-- Data listing --
::::::::

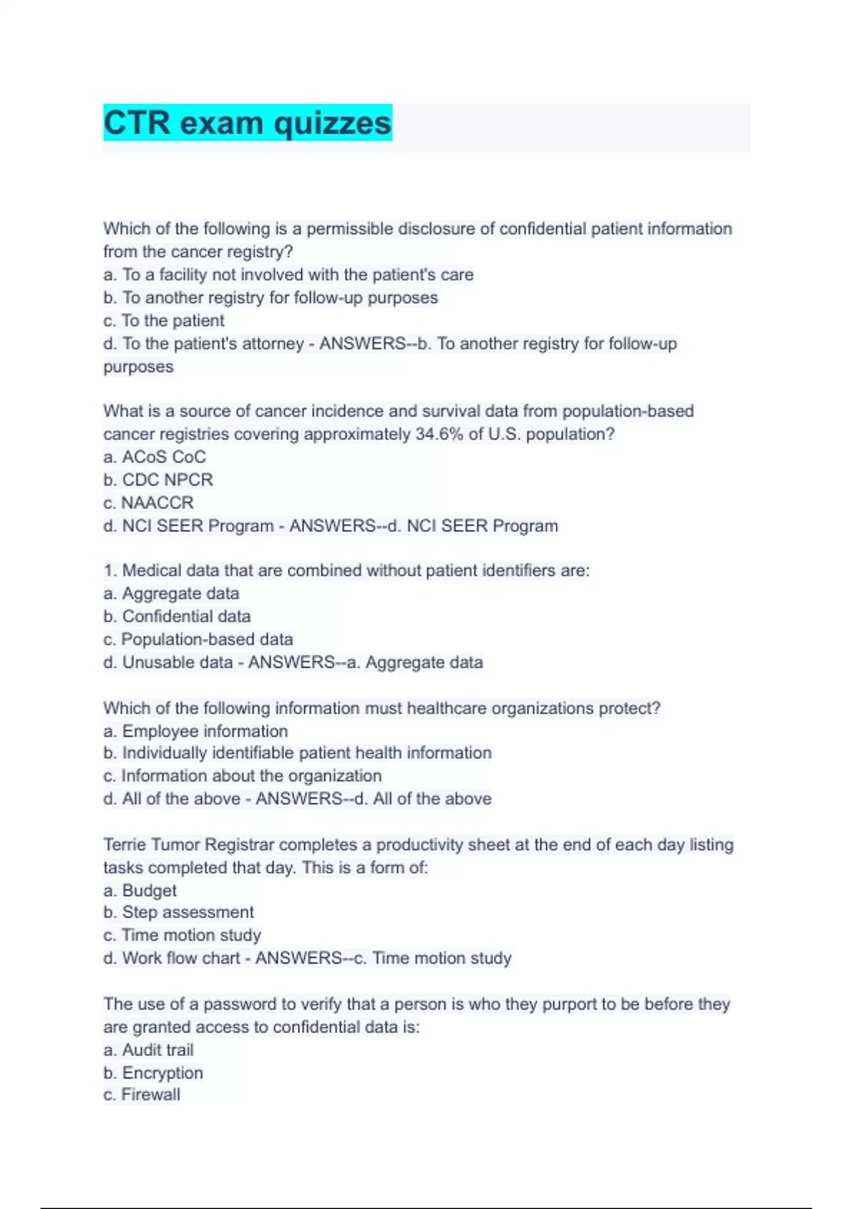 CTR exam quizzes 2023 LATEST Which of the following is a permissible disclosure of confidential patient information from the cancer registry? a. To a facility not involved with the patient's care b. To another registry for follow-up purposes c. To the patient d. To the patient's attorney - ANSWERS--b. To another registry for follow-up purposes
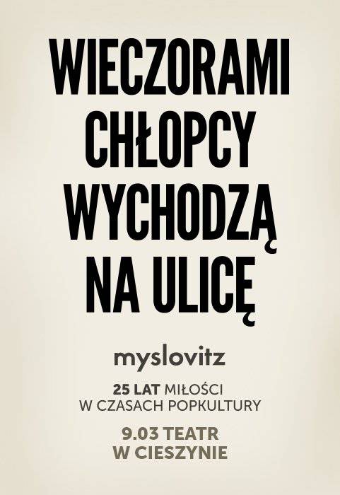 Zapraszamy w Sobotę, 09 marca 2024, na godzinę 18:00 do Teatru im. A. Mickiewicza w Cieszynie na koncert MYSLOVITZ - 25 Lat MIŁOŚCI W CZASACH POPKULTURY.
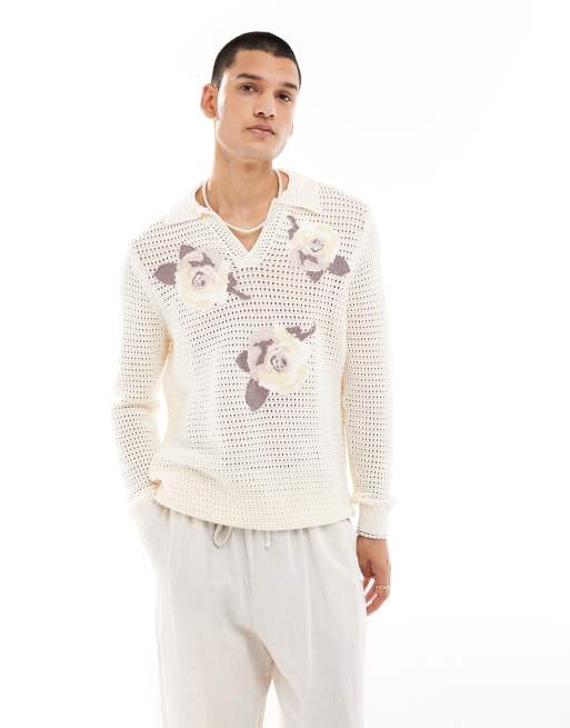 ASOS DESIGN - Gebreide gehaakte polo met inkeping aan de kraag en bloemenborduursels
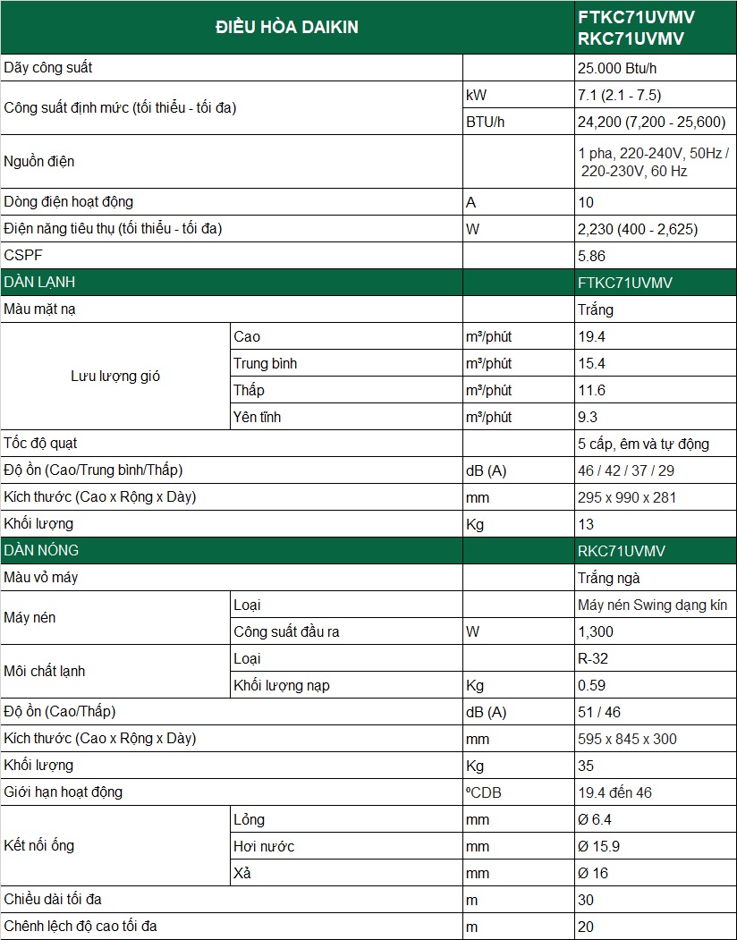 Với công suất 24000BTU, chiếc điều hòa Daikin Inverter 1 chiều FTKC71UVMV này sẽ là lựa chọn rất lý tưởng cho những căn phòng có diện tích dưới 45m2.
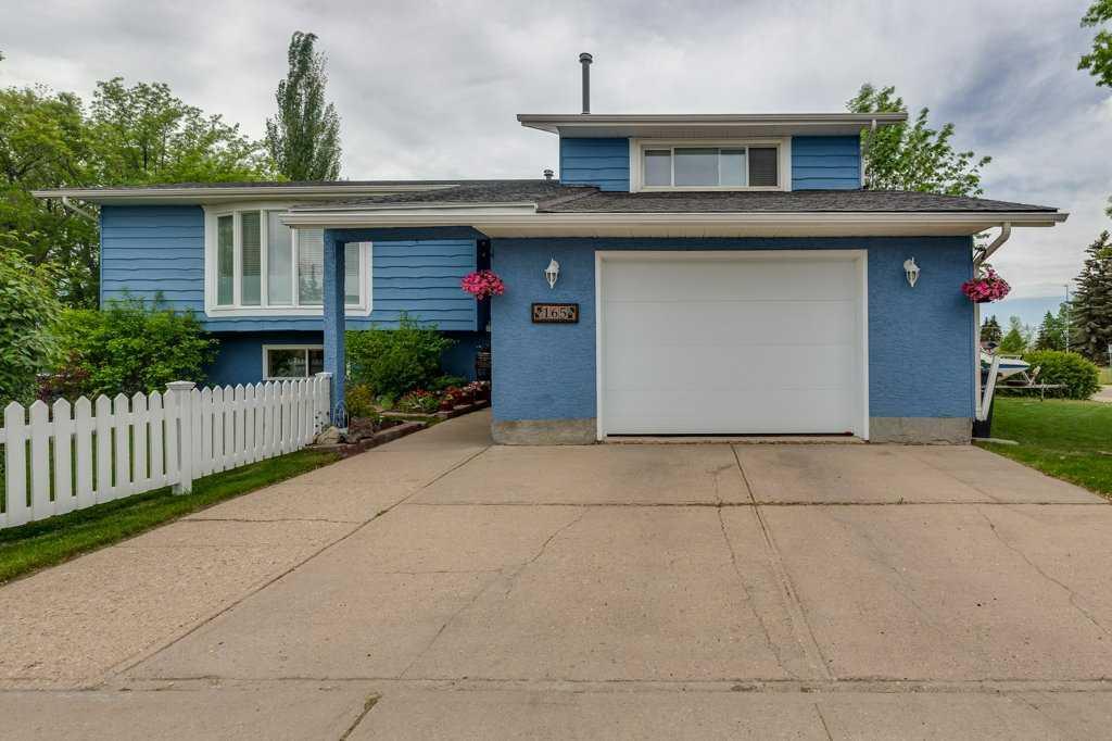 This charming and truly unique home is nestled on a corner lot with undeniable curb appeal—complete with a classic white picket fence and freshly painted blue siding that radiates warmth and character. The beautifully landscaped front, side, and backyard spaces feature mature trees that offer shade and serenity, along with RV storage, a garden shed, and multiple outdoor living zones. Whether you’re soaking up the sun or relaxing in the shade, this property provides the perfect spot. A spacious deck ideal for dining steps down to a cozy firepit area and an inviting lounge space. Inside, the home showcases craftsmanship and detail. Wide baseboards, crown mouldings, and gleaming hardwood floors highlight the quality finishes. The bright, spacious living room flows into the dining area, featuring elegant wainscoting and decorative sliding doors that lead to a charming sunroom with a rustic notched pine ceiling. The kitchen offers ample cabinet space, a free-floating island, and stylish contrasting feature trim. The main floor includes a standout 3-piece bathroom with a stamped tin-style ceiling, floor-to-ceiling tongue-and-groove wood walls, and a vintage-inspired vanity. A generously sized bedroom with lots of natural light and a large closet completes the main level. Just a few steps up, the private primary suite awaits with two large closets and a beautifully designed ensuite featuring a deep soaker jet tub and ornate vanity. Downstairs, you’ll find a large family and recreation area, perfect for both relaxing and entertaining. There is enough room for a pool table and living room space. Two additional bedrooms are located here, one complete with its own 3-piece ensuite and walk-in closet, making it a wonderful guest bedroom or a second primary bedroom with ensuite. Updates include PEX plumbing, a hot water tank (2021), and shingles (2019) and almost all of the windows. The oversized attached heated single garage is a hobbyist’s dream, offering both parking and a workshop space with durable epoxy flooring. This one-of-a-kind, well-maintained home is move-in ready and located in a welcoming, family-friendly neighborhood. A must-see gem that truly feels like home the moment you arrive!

::::::::

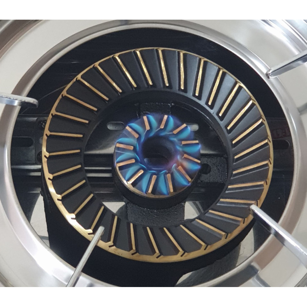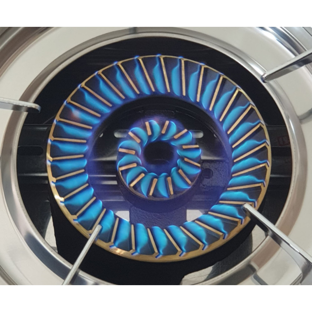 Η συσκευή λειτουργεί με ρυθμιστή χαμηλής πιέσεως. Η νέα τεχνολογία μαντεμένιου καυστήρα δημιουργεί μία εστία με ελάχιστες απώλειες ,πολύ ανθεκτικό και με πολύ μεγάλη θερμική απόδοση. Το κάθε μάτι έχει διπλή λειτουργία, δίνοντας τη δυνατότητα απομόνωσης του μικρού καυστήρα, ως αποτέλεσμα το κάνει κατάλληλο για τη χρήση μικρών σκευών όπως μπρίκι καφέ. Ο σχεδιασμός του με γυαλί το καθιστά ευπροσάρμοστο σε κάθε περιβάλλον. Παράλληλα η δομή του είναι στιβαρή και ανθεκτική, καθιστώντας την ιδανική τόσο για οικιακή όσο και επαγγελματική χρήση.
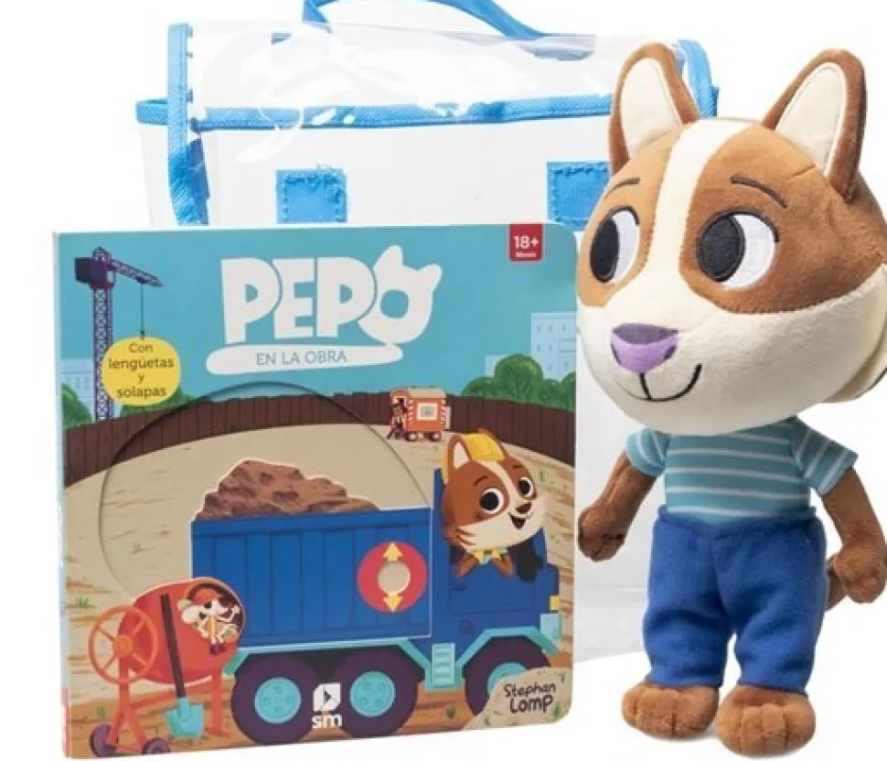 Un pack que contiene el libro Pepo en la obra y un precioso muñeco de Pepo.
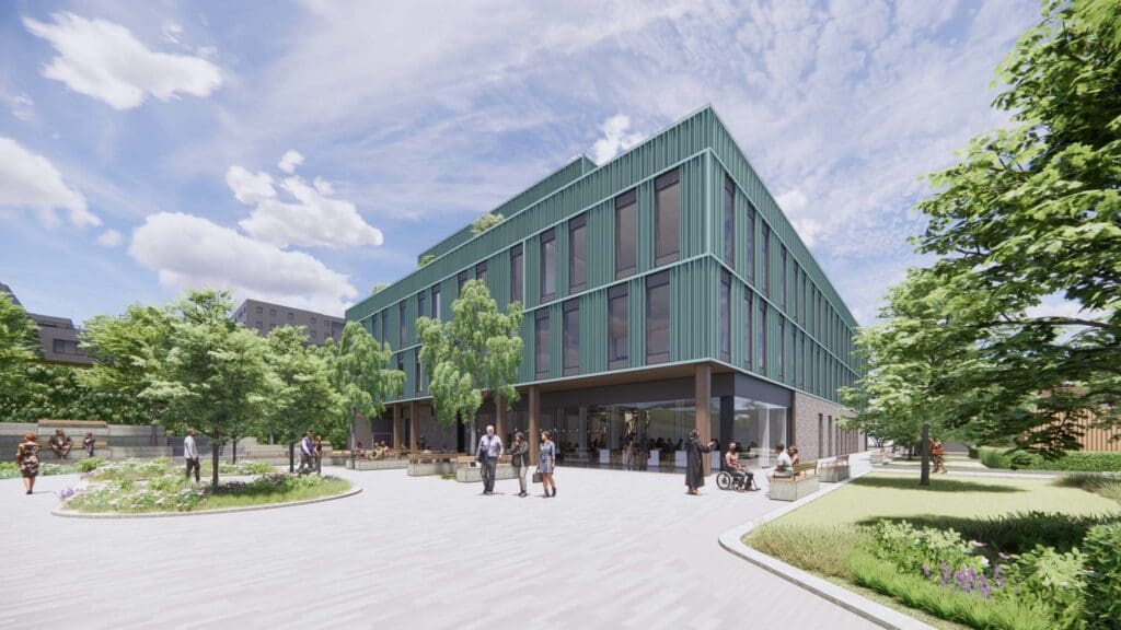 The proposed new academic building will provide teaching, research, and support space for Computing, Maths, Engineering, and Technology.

::::::::

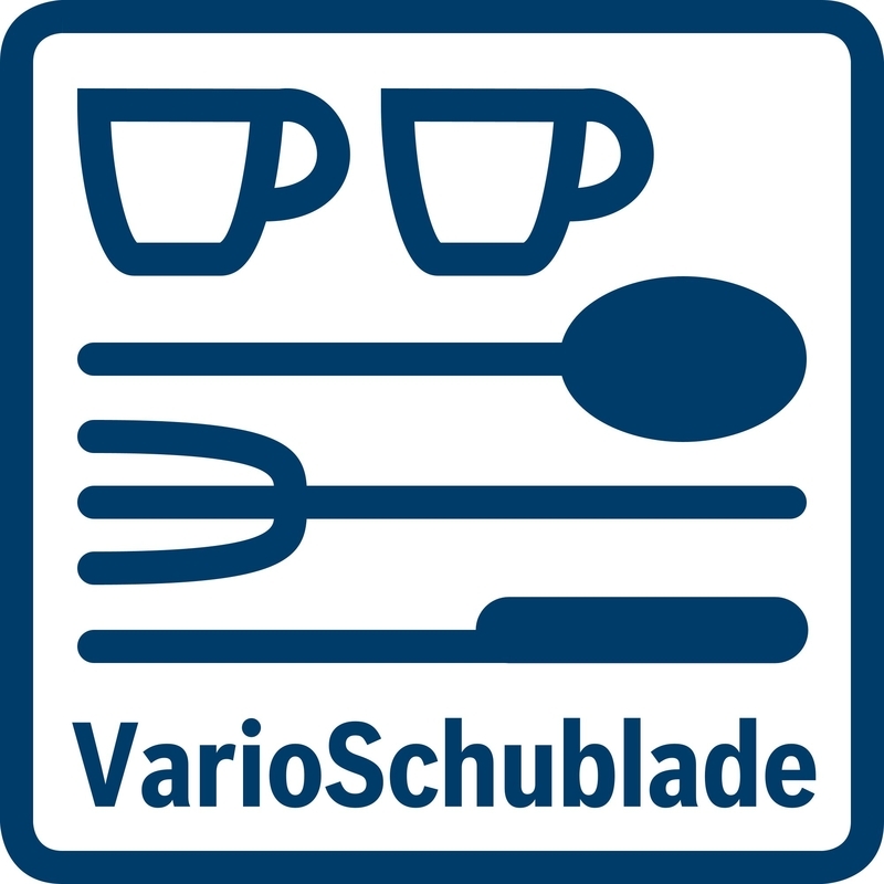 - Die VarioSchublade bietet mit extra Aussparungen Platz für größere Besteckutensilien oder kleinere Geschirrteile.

::::::::

-- Exercise objective --
Beginning at the line that has "CTR exam quizzes" and ending at the line that has "Với công suất", restate the listing above word for word, pictures left out.

-- Answer space --
 CTR exam quizzes 2023 LATEST Which of the following is a permissible disclosure of confidential patient information from the cancer registry? a. To a facility not involved with the patient's care b. To another registry for follow-up purposes c. To the patient d. To the patient's attorney - ANSWERS--b. To another registry for follow-up purposes
 Zapraszamy w Sobotę, 09 marca 2024, na godzinę 18:00 do Teatru im. A. Mickiewicza w Cieszynie na koncert MYSLOVITZ - 25 Lat MIŁOŚCI W CZASACH POPKULTURY.
 ASOS DESIGN - Gebreide gehaakte polo met inkeping aan de kraag en bloemenborduursels
 Với công suất 24000BTU, chiếc điều hòa Daikin Inverter 1 chiều FTKC71UVMV này sẽ là lựa chọn rất lý tưởng cho những căn phòng có diện tích dưới 45m2.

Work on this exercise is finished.